MultiModal-GPT (Gong et al., 2023) is a multi- modal instruction tuning model that is capable of following diverse instructions, generating detailed captions, counting specific objects, and addressing general inquiries. MultiModal-GPT is trained by fine-tuning OpenFlamingo (9B) (Awadalla et al., 2023) on various created visual instruction data with open datasets, including VQA, Image Captioning, Visual Reasoning, Text OCR, and Visual Dialogue. The experiments demonstrate the proficiency of MultiModal-GPT in maintaining continuous dialogues with humans.
6、Domain-specific Instruction Finetuning特定领域指令微调
In this section, we describe instruction tuning in different domains and applications.
InstructDial (Gupta et al., 2022) is an instruction tuning framework designed for dialogue. It contains a collection of 48 dialogue tasks in a consistent text-to-text format created from 59 dialogue datasets. Each task instance includes a task description, instance inputs, constraints, instructions, and output. To ensure adherence to instructions, the framework introduces two meta- tasks: (1) an instruction selection task, where the model selects the instruction corresponding to a given input-output pair; and (2) an instruction binary task, where the model predicts "yes" or "no" if an instruction leads to a given output from an input. Two base models T0-3B (Sanh et al., 2021) (3B parameters version of T5 (Lester et al., 2021)) and BART0 (Lin et al., 2022) (406M parameters based on Bart-large (Lewis et al., 2019)) are fine- tuned on the tasks from InstructDial. InstructDial achieves impressive results on unseen dialogue datasets and tasks, including dialogue evaluation and intent detection. Moreover, it delivers even better results when applied to a few-shot setting.‌
Intent Classification and Slot Tagging LINGUIST (Rosenbaum et al., 2022) finetunes AlexaTM 5B (Soltan et al., 2022), a 5-billion-parameter multilingual model, on the instruction dataset for intent classification and slot tagging tasks. Each instruction consists of five blocks: (i) the language of the generated output, (ii) intention, slot types and values to include in the output (e.g., the number 3 in [3, snow] corresponds the slot type, and snow is the value used for that slot), a mapping from slot type labels to numbers, and (v) up to 10 examples to instruct the format of the outputs. LINGUIST shows significant improvements over state-of-the-art approaches in a 10-shot novel intent setting using the SNIPS dataset (Coucke et al., 2018). In the zero-shot cross- lingual setting of the mATIS++ dataset (Xu et al., 2020), LINGUIST surpasses a strong baseline of Machine Translation with Slot Alignment across 6 languages while maintaining intent classification performance.
意图分类和槽位标记LINGUIST(Rosenbaum等,2022)对AlexaTM 5B(Soltan等,2022),一个50亿参数的多语言模型进行微调,用于意图分类和槽位标记任务的指令数据集。每个指令由五个块组成:
(ii)意图、槽位类型和要包含在输出中的值(例如,[3, snow]中的数字3对应于槽位类型,snow是用于该槽位的值),从槽位类型标签到数字的映射,
6.3、Information Extraction信息抽取—InstructUIE:基于FlanT5模型+指令微调的统一信息抽取(IE)框架+将IE任务转化为seq2seq格式,每个任务实例四个属性{任务指令、选项、文本、输出}‌
InstructUIE (Wang et al., 2023b) is a unified information extraction (IE) framework based on instruction tuning, which transforms IE tasks to the seq2seq format and solves them by fine- tuning 11B FlanT5 (Chung et al., 2022) on the constructed IT dataset.
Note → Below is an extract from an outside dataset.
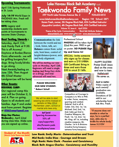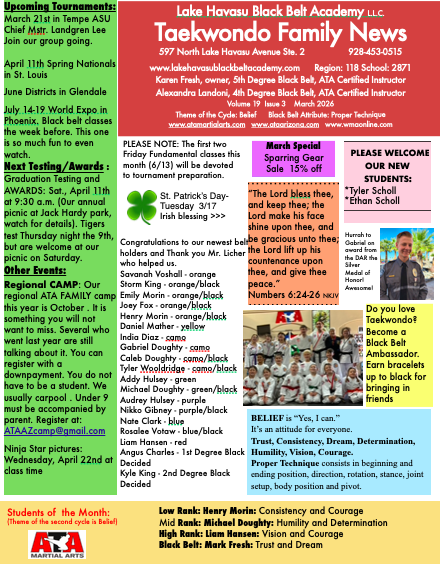 We are a Taekwondo club affiliated with the American Taekwondo Association. In a friendly and fun environment, we teach the Songham style of Taekwondo using various programs such as Tiny Tigers and Karate for Kids and Black Belt Club and Leadership Now. Taekwondo is a Korean martial art that builds self-confidence, self-esteem, physical fitness and mental alertness. Taekwondo is practiced by students age three to one hundred three. Although martial arts are individually practiced, we build social bonds among family and friends. Club owner and ATA certified instructor Karen Fresh is a Fourth Degree Black Belt and has studied and practiced Taekwondo since 1995. Ten of her children, as well as her husband, have attained black belts in ATA Taekwondo. Karen has been a resident of Lake Havasu City since 1985 and has been visiting her family here since 1972. Stop in and try a class at our club located across the highway from the Aquatic/Community Center on Lake Havasu Avenue (349 Suite 106). Turn in at the Lo’s Restaurant sign. Please feel free to contact us on how Lake Havasu Black Belt Academy can help you and your family achieve worthwhile personal goals. And be sure to check out…

Figure 8 shows the overall architecture of InstructUIE. It introduces IE INSTRUCTIONS, a benchmark of 32 diverse information extraction datasets in a unified text-to- text format with expert-written instructions. Each task instance is delineated by four properties: task instruction, options, text, and output. Task instruction contains information such as the type of information to be extracted, the output structure format, and additional constraints or rules that need to be adhered to during the extraction process. Options refer to the output label constraints of a task. Text refers to the input sentence. Output is the sentence obtained by converting the original tags of the sample (e.g. "entity tag: entity span" for NER). In the supervised setting, InstructUIE performs comparably to BERT (Devlin et al.,2018) and outperforms the state-of-the-art and GPT3.5 (Brown et al., 2020a) in zero-shot settings.
InstructUIE(Wang等,2023b)是一个基于指令微调的统一信息抽取(IE)框架,它将IE任务转化为seq2seq格式,并通过在构建的IT数据集上微调11B FlanT5(Chung等,2022)来解决这些问题。
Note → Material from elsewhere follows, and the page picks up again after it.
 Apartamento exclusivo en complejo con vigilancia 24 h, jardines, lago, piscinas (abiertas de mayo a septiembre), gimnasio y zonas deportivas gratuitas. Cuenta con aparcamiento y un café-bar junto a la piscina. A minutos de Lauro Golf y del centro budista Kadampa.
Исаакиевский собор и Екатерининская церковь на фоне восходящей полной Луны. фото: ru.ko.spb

图8展示了InstructUIE的整体架构。它引入了IE INSTRUCTIONS,这是一个由32个多样的信息抽取数据集组成的基准,以统一的文本到文本格式呈现,其中包含专家编写的指令。
>> 任务指令包含诸如要提取的信息类型、输出结构格式以及在提取过程中需要遵循的附加约束或规则等信息。
>> 选项是任务的输出标签约束。
>> 文本是输入句子。
>> 输出是通过将样本的原始标签(例如,NER中的"实体标签:实体跨度")转换为句子获得的(实体标签为槽位标签,实体跨度为值)。
ABSA/Aspect-based Sentiment Analysis基于内容的情感分析
Varia et al. (2022) propose a unified instruction tuning framework for solving Aspect-based Sentiment Analysis (ABSA) task based on a fine- tuned T5 (220M) (Raffel et al., 2019) model. The framework addresses multiple factorized sub- tasks that involve the four elements of ABSA, namely Aspect Term, Aspect Category, Opinion Term, and Sentiment. It treats these sub-tasks as a combination of five Question Answering (QA) tasks by transforming each sentence in the corpus using instruction templates provided for each task. For instance, one of the instruction templates used is "What are the aspect terms in the text:
$TEXT?". The framework showcases substantial improvement (8.29 F1 on average) over the state-of- the-art in few-shot learning scenarios and remains comparable in full fine-tuning scenarios.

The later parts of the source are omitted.